Royal College of Surgeons in Ireland, Medical University of Bahrain, Busaiteen, Bahrain.

出版信息

Int J Surg Case Rep. 2020;66:416-420. doi: 10.1016/j.ijscr.2020.01.004. Epub 2020 Jan 14.

Abstract

INTRODUCTION

Percutaneous sacroiliac fixation is an effective minimally invasive method for posterior pelvic ring stabilization. Screw misplacement, and subsequent neurologic injury are two well described complications. Managing those complications however is under-reported.

CASE

A young female, sustained an unstable pelvic ring injury as a victim of motor vehicle collision. Following percutaneous sacroiliac screw fixation, she complained of L5 nerve root radiculopathy, and muscle weakness. Percutaneous removal of the screw after a wait period for fracture union resulted in immediate symptoms relief.

DISCUSSION

Safe sacroiliac screw placement is technically demanding requiring good understanding of sacral complex morphology and its anatomic variants. Risk of screw misplacement, and potential neurologic injury increases in dysmorphic sacra, or with inaccurate fracture reduction. Advances in intraoperative imaging modalities have been introduced in an attempt to improve accurate screw insertion. Literature is scarce with reports discussing removal of sacroiliac screw.

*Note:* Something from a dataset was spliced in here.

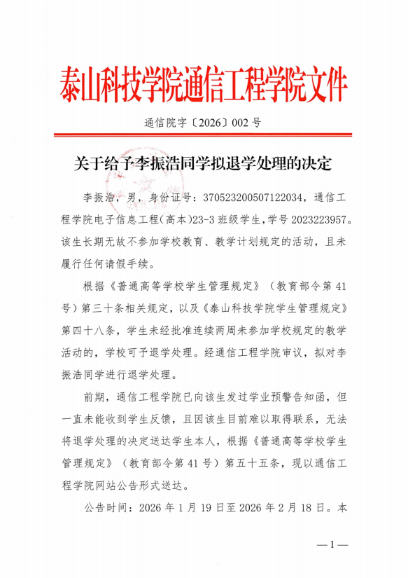 关于给予李振浩同学拟退学的决定

Technique of screw retrieval is also controversial.

CONCLUSION

This case addresses management of an iatrogenic neurologic complication following percutaneous sacroiliac screw fixation. Our experience showed that, percutaneous retrieval of an intact misplaced sacroiliac screw is achievable, resulting in complete resolution of neurologic symptoms.

摘要

引言

经皮骶髂关节固定术是一种用于稳定骨盆后环的有效微创方法。螺钉误置及随后的神经损伤是两种已被充分描述的并发症。然而,关于这些并发症的处理报道较少。

病例

一名年轻女性,在机动车碰撞事故中遭受不稳定骨盆环损伤。经皮骶髂螺钉固定术后,她出现L5神经根性神经病及肌肉无力症状。在等待骨折愈合一段时间后经皮取出螺钉,症状立即缓解。

讨论

安全置入骶髂螺钉技术要求较高,需要对骶骨复合体形态及其解剖变异有充分了解。在形态异常的骶骨或骨折复位不准确时,螺钉误置风险及潜在神经损伤风险会增加。为提高螺钉置入准确性,已引入术中成像方式的进展。关于取出骶髂螺钉的报道较少,螺钉取出技术也存在争议。

结论

本病例探讨了经皮骶髂螺钉固定术后医源性神经并发症的处理。我们的经验表明,经皮取出完整的误置骶髂螺钉是可行的,可使神经症状完全缓解。